» Data to process
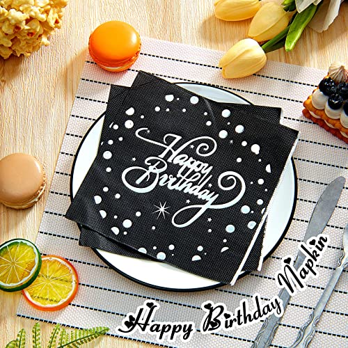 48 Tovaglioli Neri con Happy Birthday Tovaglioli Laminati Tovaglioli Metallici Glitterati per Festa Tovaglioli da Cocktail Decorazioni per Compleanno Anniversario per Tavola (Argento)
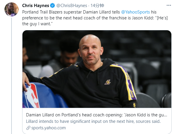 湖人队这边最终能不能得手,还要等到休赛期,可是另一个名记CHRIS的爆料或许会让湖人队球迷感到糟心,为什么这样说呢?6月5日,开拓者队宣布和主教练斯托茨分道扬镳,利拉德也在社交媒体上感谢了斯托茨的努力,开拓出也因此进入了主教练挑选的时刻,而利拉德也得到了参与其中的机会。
--
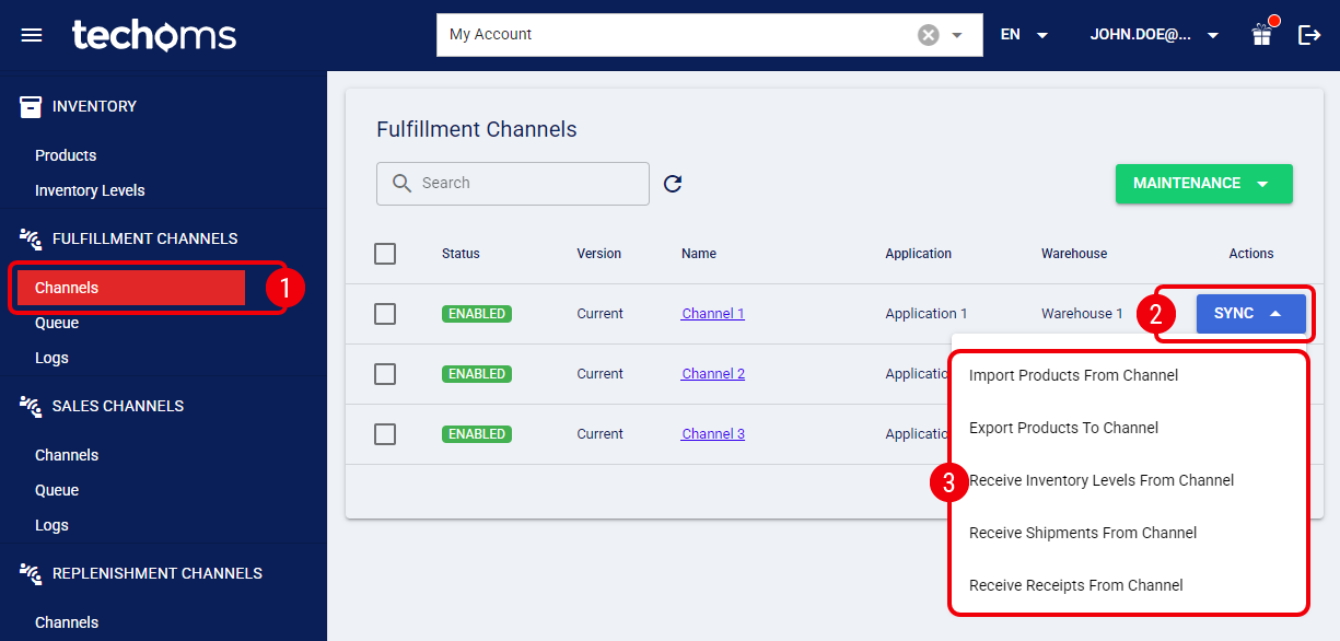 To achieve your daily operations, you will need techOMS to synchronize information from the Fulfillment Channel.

» Work task
Return exactly the stretch above whose first line contains "48 Tovaglioli Neri" and whose last line contains "湖人队这边最终能不能得手,还", and nothing outside it. The pictures should not appear.

» Task solution
 48 Tovaglioli Neri con Happy Birthday Tovaglioli Laminati Tovaglioli Metallici Glitterati per Festa Tovaglioli da Cocktail Decorazioni per Compleanno Anniversario per Tavola (Argento)
 湖人队这边最终能不能得手,还要等到休赛期,可是另一个名记CHRIS的爆料或许会让湖人队球迷感到糟心,为什么这样说呢?6月5日,开拓者队宣布和主教练斯托茨分道扬镳,利拉德也在社交媒体上感谢了斯托茨的努力,开拓出也因此进入了主教练挑选的时刻,而利拉德也得到了参与其中的机会。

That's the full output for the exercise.